Man fühlt sich dieser Tage an die Kalte-Kriegs-Berichterstattung vergangener Jahrzehnte erinnert. Nur ist in den bürgerlichen Medien diesmal China der „Aggressor“, „Provokateur“ - die neue „Bedrohung“ und „Gefahr aus dem Osten“. Was war geschehen? China verkündete einen Anspruch, den Japan sich längst angemaßt hat: die Errichtung einer Luftverteidigungszone, die die umstrittenen Diaoyu-Inseln (japanisch Senkaku-Inseln) einschließt. „Luftverteidigungszone “ ist dabei nicht gleichbedeutend mit hoheitlichem Luftraum, sondern bedeutet, dass die Zone durchquerende Flugzeuge sich identifizieren müssen. Gleiches Recht für alle, denkt man. Doch die USA und Japan halten sich offenbar für Staaten, die gleicher sind. Japan reagierte mit der Entsendung von Kampfflugzeigen in die Zone, die USA provozierten mit zwei B-52-Langstrecken-Atombombern, die sie vom Stützpunkt Guam durch die Zone und zurück schickten. Alles natürlich ohne Anmeldung bei der chinesischen Flugüberwachung.
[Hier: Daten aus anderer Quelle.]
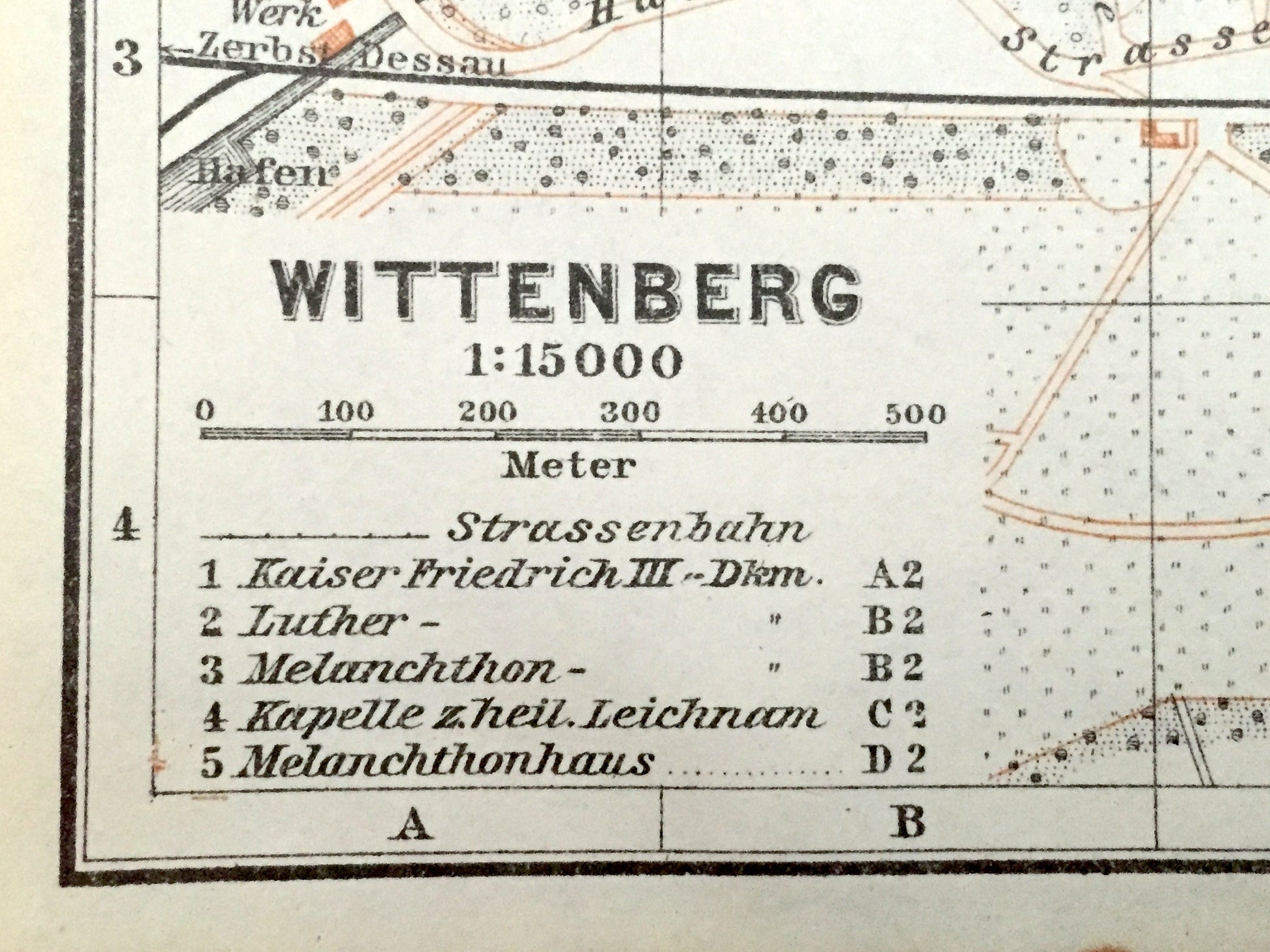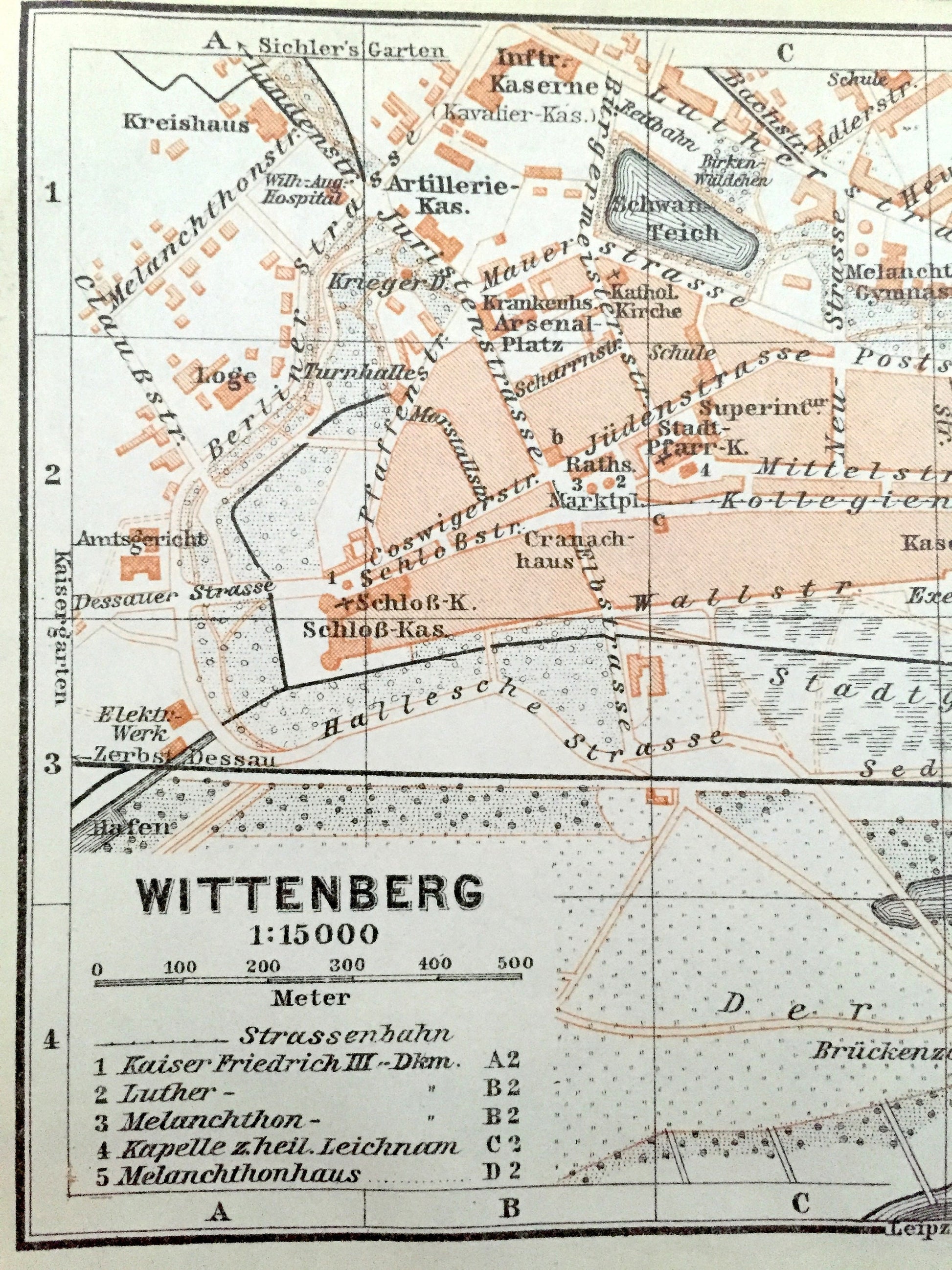 Antique 1925 Wittenberg, Germany Map from Baedekers Guide Atlas – Elbe River, Lutherhaus, Protestant Reformation, Martin Luther, Stadtkirche
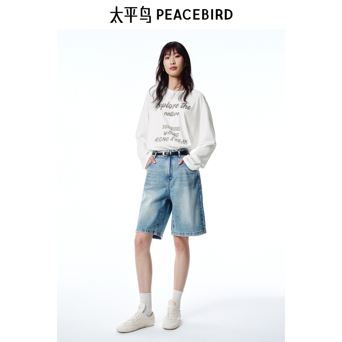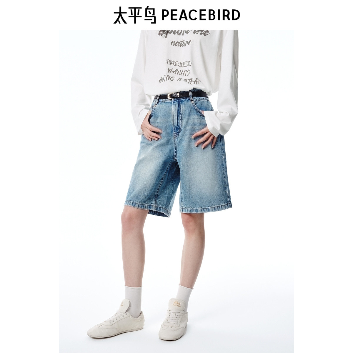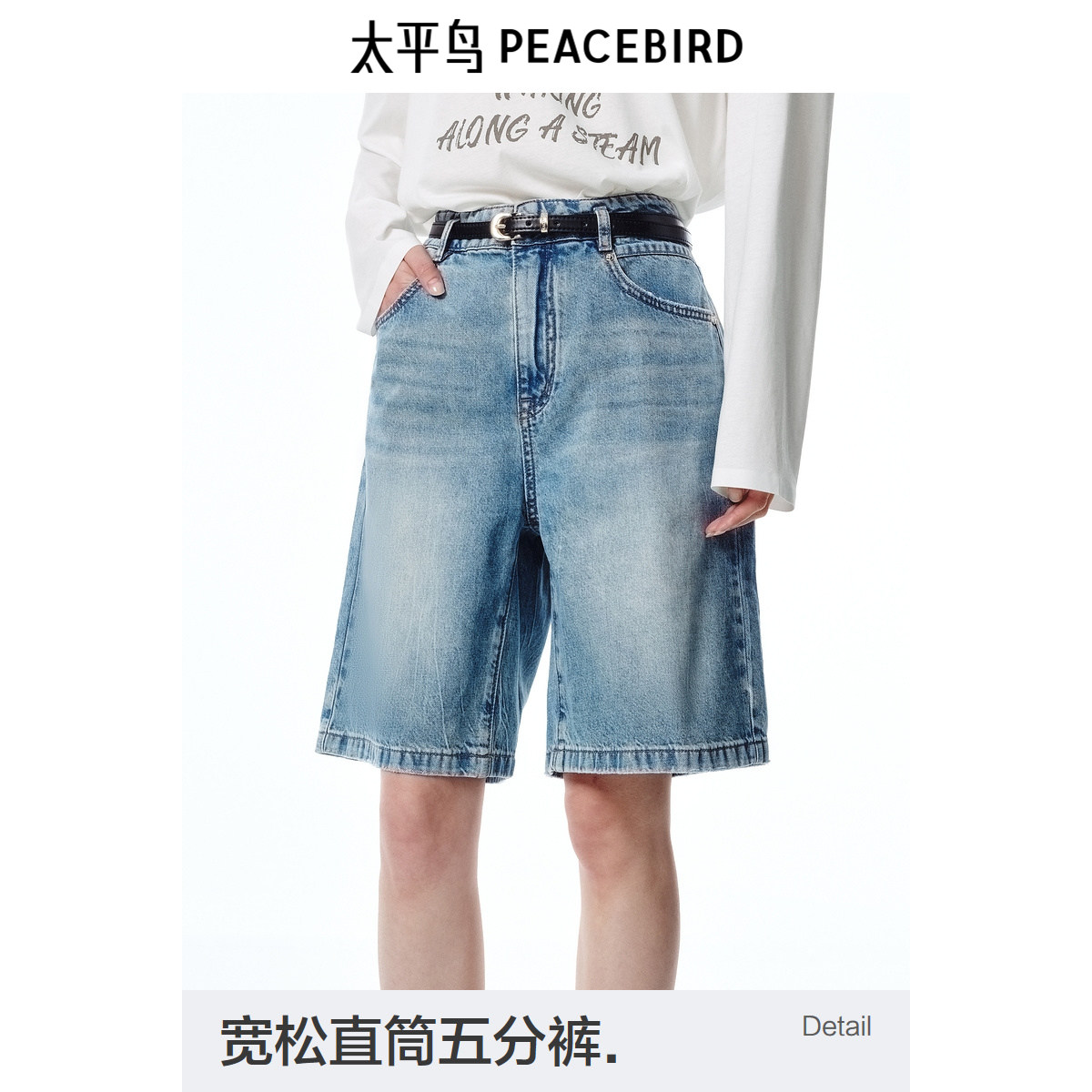 商场同款 太平鸟女2025年夏季新款配腰带高腰牛仔中短裤A1HBF2490

China war jetzt mit der Flugverbotszone der japanischen aus dem Jahr 1969 gleichgezogen, nachdem Japan den Streit um die Inselgruppe in den vergangenen Monaten eskaliert hatte. Chinesische Fischer wurden aufgebracht und festgenommen, ihre Boote beschlagnahmt; vor einem Jahr wurde eine chinesische Propellermaschine, die über die Inseln flog gleich von acht japanischen F-15-Kampffliegern abgedrängt. In Zukunft würde scharf geschossen, ließ Japan verlauten.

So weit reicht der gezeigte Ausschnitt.